### Data to use
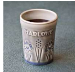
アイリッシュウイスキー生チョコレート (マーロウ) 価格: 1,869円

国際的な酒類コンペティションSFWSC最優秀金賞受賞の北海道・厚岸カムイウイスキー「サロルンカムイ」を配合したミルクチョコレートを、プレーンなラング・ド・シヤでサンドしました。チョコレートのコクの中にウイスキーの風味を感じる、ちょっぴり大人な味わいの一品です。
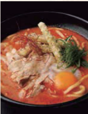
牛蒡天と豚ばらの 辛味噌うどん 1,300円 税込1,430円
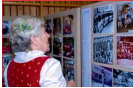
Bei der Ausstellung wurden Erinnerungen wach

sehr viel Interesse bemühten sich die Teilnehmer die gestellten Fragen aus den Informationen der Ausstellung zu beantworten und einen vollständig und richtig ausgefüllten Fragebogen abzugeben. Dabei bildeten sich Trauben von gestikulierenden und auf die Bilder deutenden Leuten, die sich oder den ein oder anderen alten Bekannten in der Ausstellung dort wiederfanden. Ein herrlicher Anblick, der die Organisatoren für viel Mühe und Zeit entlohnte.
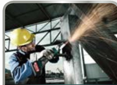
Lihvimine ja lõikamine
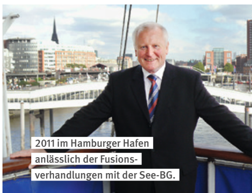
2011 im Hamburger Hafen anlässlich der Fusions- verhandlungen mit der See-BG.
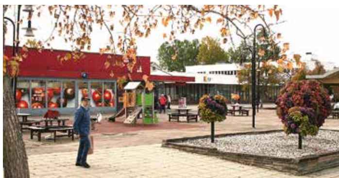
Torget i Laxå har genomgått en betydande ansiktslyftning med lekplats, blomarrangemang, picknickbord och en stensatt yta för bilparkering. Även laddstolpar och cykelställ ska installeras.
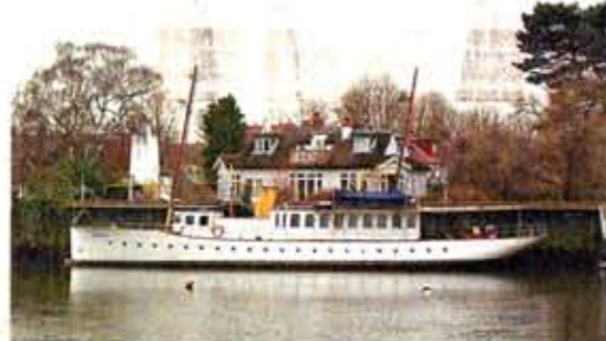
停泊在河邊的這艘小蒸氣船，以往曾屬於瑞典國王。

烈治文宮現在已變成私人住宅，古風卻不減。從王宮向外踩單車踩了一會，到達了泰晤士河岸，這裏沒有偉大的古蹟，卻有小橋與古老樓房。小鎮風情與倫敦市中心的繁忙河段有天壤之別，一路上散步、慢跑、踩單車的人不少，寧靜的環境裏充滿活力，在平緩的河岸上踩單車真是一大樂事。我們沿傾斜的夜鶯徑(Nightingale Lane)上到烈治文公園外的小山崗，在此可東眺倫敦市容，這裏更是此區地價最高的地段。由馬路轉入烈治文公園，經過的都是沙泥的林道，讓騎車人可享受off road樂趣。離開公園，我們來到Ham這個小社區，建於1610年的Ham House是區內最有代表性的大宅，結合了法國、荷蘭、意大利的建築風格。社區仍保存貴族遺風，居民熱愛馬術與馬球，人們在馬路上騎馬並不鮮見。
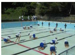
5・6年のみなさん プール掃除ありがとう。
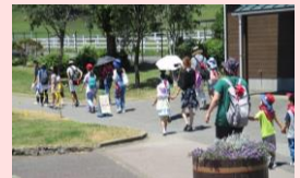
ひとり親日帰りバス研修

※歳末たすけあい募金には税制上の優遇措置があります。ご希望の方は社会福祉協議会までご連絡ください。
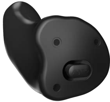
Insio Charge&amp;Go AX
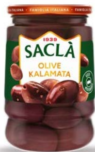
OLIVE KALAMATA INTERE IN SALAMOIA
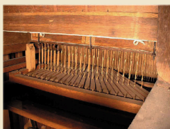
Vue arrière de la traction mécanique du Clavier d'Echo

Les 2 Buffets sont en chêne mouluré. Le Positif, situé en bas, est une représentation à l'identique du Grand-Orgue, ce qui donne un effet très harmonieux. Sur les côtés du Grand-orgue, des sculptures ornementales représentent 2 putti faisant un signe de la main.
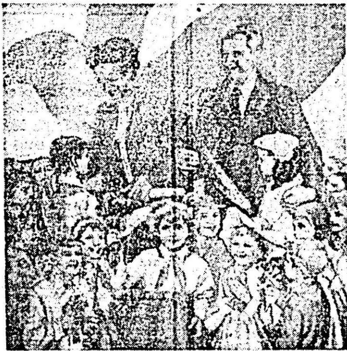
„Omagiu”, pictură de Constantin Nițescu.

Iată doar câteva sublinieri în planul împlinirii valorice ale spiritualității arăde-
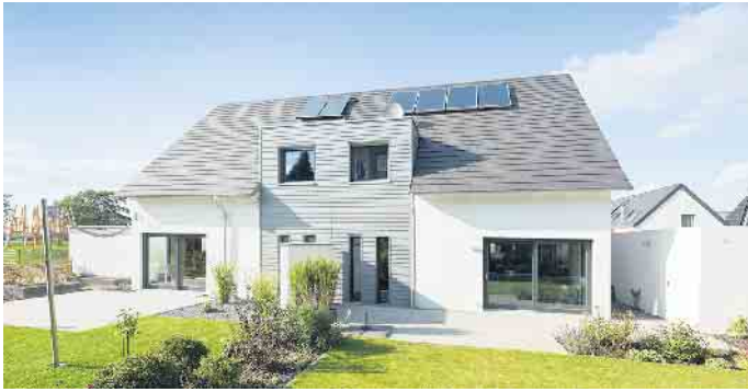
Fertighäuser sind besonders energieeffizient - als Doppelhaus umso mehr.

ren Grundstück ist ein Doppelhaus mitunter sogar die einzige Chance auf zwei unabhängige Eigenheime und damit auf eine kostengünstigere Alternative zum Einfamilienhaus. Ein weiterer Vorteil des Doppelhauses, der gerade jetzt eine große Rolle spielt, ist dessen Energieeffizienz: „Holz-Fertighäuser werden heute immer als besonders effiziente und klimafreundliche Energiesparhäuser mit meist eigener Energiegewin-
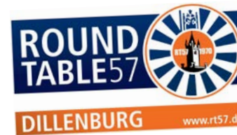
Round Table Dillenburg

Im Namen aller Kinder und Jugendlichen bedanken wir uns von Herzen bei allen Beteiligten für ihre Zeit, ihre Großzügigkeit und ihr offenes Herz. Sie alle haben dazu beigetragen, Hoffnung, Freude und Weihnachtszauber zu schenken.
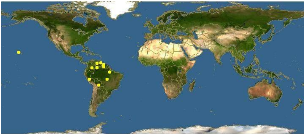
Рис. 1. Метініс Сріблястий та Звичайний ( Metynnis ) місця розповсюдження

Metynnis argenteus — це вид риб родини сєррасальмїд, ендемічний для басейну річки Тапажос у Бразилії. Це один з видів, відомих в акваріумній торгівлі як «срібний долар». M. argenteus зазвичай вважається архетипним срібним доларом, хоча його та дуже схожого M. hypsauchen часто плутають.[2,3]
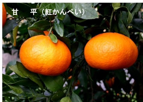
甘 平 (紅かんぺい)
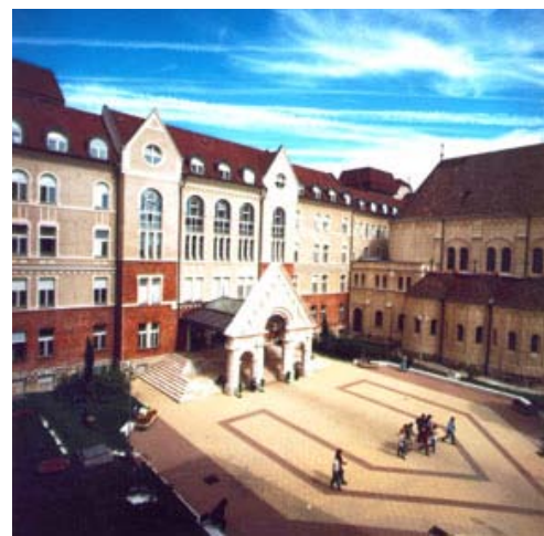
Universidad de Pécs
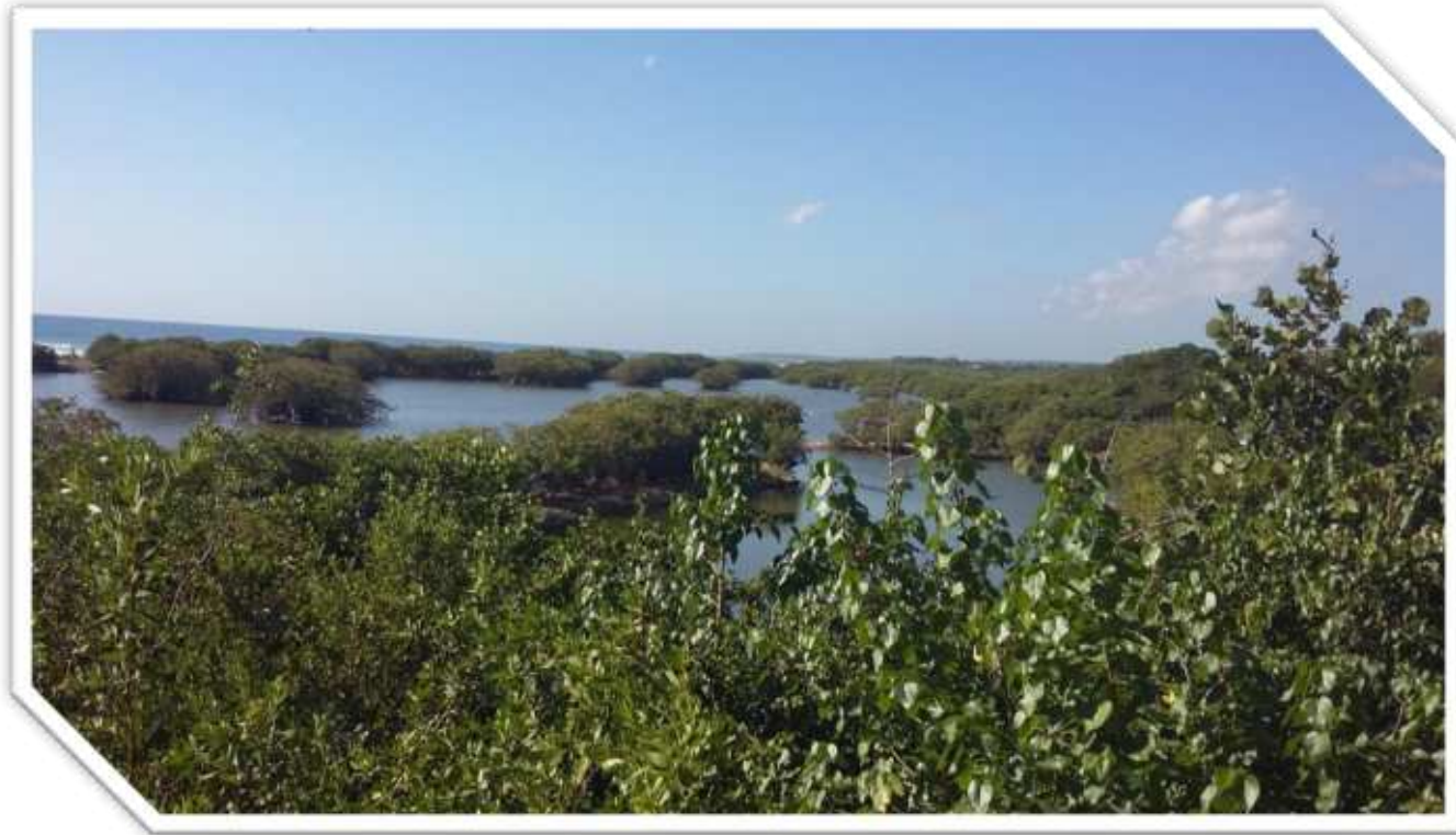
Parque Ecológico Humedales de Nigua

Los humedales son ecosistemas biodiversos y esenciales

---

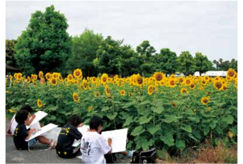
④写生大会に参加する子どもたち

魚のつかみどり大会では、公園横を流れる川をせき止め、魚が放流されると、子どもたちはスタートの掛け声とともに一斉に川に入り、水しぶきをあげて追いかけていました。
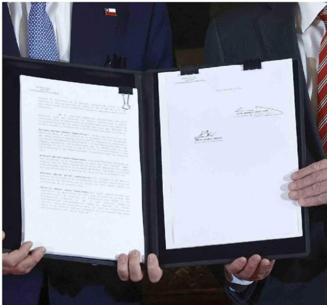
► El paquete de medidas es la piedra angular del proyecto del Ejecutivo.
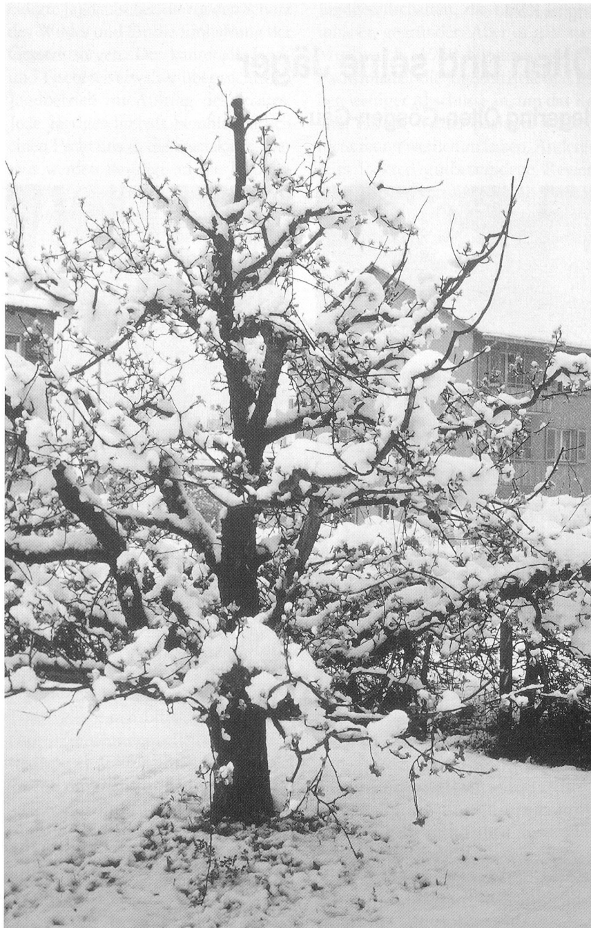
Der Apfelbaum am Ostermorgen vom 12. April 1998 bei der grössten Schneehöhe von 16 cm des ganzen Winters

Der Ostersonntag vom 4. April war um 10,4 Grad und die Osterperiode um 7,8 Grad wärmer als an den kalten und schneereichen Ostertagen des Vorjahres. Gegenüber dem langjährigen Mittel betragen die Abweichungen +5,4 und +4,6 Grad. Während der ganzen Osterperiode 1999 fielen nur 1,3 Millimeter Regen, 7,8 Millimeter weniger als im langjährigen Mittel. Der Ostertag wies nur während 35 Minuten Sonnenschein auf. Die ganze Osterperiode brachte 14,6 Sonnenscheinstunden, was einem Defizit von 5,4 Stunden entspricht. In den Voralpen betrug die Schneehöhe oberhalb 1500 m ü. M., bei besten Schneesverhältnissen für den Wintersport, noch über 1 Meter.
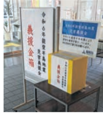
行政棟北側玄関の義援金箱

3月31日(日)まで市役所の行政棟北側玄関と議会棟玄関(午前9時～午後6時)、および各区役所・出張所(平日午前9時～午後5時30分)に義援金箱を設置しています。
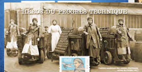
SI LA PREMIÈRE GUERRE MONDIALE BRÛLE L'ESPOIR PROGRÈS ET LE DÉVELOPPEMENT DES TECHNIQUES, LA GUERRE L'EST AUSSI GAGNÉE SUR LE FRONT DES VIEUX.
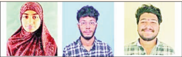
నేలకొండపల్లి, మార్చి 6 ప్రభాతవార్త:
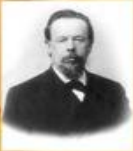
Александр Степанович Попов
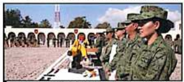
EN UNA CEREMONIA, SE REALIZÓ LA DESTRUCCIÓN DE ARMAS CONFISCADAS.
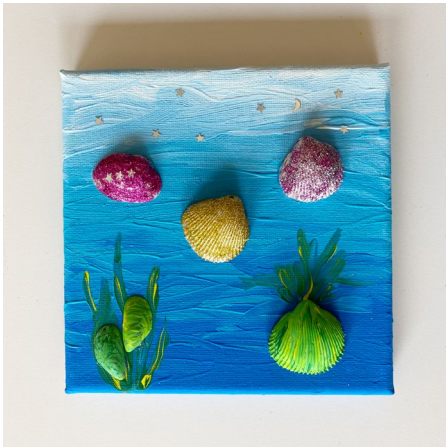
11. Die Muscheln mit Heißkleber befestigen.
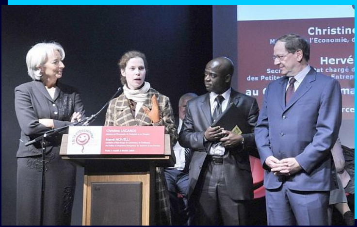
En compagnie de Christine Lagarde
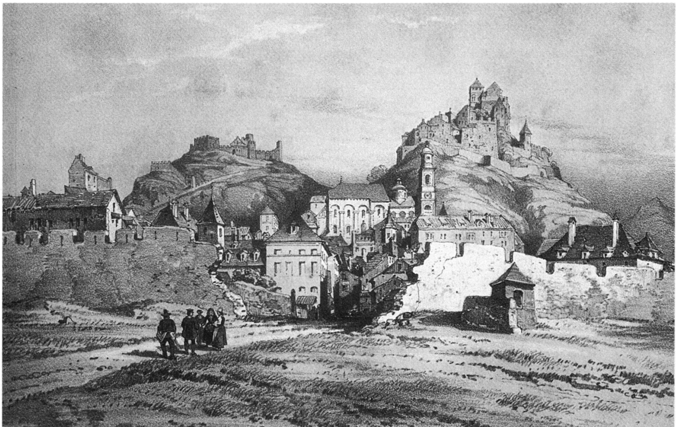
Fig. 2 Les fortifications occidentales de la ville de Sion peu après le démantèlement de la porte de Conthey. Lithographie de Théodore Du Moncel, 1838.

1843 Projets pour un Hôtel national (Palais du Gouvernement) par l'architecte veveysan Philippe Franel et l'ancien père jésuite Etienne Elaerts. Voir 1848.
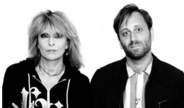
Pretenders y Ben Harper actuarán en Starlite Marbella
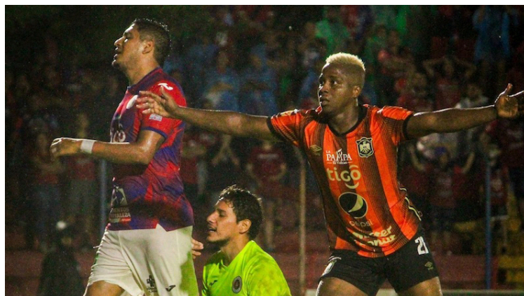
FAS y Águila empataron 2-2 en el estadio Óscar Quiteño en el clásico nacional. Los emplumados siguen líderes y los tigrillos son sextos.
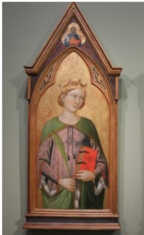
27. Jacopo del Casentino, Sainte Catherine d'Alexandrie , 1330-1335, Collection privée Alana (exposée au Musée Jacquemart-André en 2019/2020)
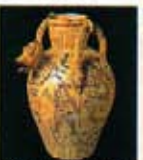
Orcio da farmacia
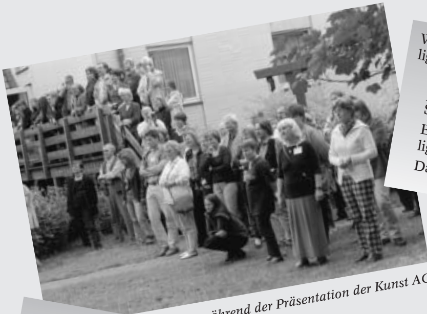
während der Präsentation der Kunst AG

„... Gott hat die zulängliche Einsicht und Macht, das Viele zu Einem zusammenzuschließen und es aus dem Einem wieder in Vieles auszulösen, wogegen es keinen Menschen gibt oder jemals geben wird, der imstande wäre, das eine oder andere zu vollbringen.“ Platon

==

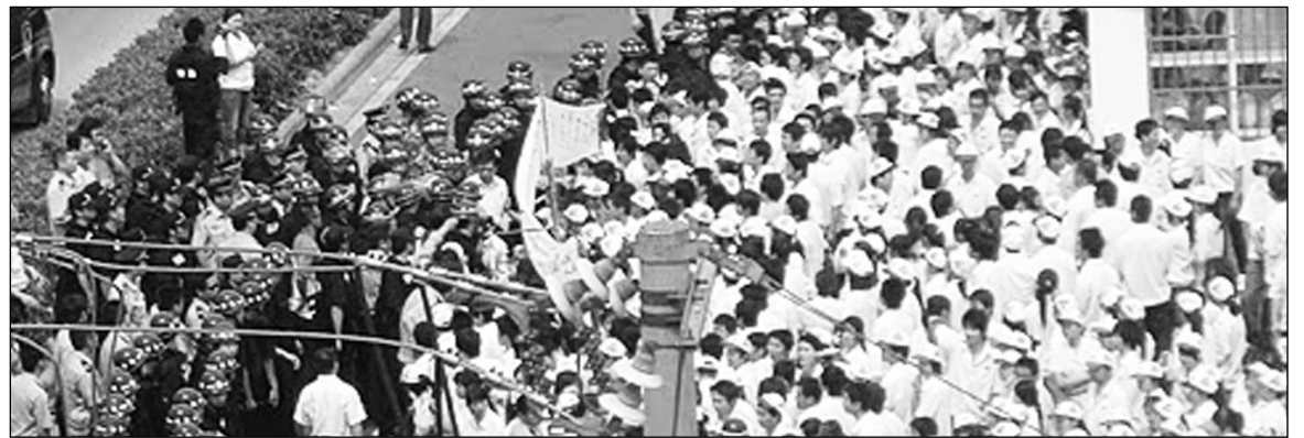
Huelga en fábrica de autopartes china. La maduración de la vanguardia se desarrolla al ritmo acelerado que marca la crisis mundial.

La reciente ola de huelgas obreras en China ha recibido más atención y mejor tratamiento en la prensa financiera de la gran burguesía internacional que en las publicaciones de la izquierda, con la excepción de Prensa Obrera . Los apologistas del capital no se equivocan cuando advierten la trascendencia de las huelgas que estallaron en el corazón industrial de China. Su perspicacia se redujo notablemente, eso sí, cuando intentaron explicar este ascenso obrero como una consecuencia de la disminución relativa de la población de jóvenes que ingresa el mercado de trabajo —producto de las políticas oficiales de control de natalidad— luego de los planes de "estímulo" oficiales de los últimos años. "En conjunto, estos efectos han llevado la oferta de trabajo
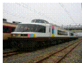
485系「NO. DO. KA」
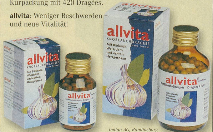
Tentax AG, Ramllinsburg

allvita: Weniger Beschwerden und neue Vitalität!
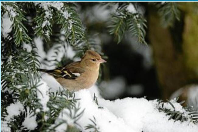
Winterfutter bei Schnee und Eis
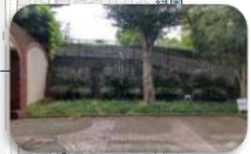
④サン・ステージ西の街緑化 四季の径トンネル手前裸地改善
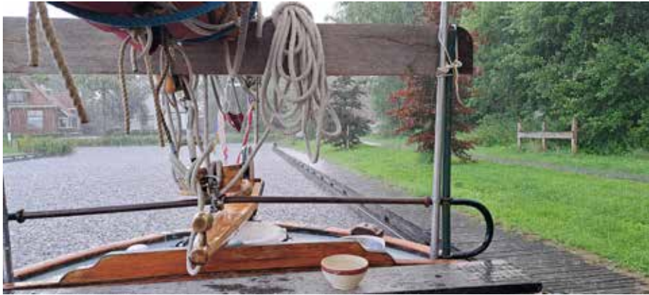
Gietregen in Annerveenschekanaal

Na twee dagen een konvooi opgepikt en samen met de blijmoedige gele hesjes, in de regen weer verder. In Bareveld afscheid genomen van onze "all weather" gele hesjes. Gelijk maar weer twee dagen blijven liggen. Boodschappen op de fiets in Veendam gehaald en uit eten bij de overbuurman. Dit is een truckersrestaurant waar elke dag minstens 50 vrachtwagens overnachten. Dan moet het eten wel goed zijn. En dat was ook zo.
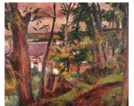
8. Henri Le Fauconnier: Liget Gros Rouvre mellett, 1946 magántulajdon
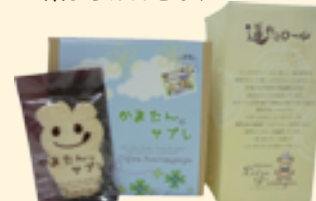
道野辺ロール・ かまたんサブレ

### Task item
Take the material above from the line bearing "En compagnie de Christine Lagarde" through the line bearing "Gott hat die" and write it out exactly, both end lines included. Pictures stay out.

### Output of the exercise
En compagnie de Christine Lagarde
Fig. 2 Les fortifications occidentales de la ville de Sion peu après le démantèlement de la porte de Conthey. Lithographie de Théodore Du Moncel, 1838.

1843 Projets pour un Hôtel national (Palais du Gouvernement) par l'architecte veveysan Philippe Franel et l'ancien père jésuite Etienne Elaerts. Voir 1848.
Pretenders y Ben Harper actuarán en Starlite Marbella
FAS y Águila empataron 2-2 en el estadio Óscar Quiteño en el clásico nacional. Los emplumados siguen líderes y los tigrillos son sextos.
27. Jacopo del Casentino, Sainte Catherine d'Alexandrie , 1330-1335, Collection privée Alana (exposée au Musée Jacquemart-André en 2019/2020)
Orcio da farmacia
während der Präsentation der Kunst AG

„... Gott hat die zulängliche Einsicht und Macht, das Viele zu Einem zusammenzuschließen und es aus dem Einem wieder in Vieles auszulösen, wogegen es keinen Menschen gibt oder jemals geben wird, der imstande wäre, das eine oder andere zu vollbringen.“ Platon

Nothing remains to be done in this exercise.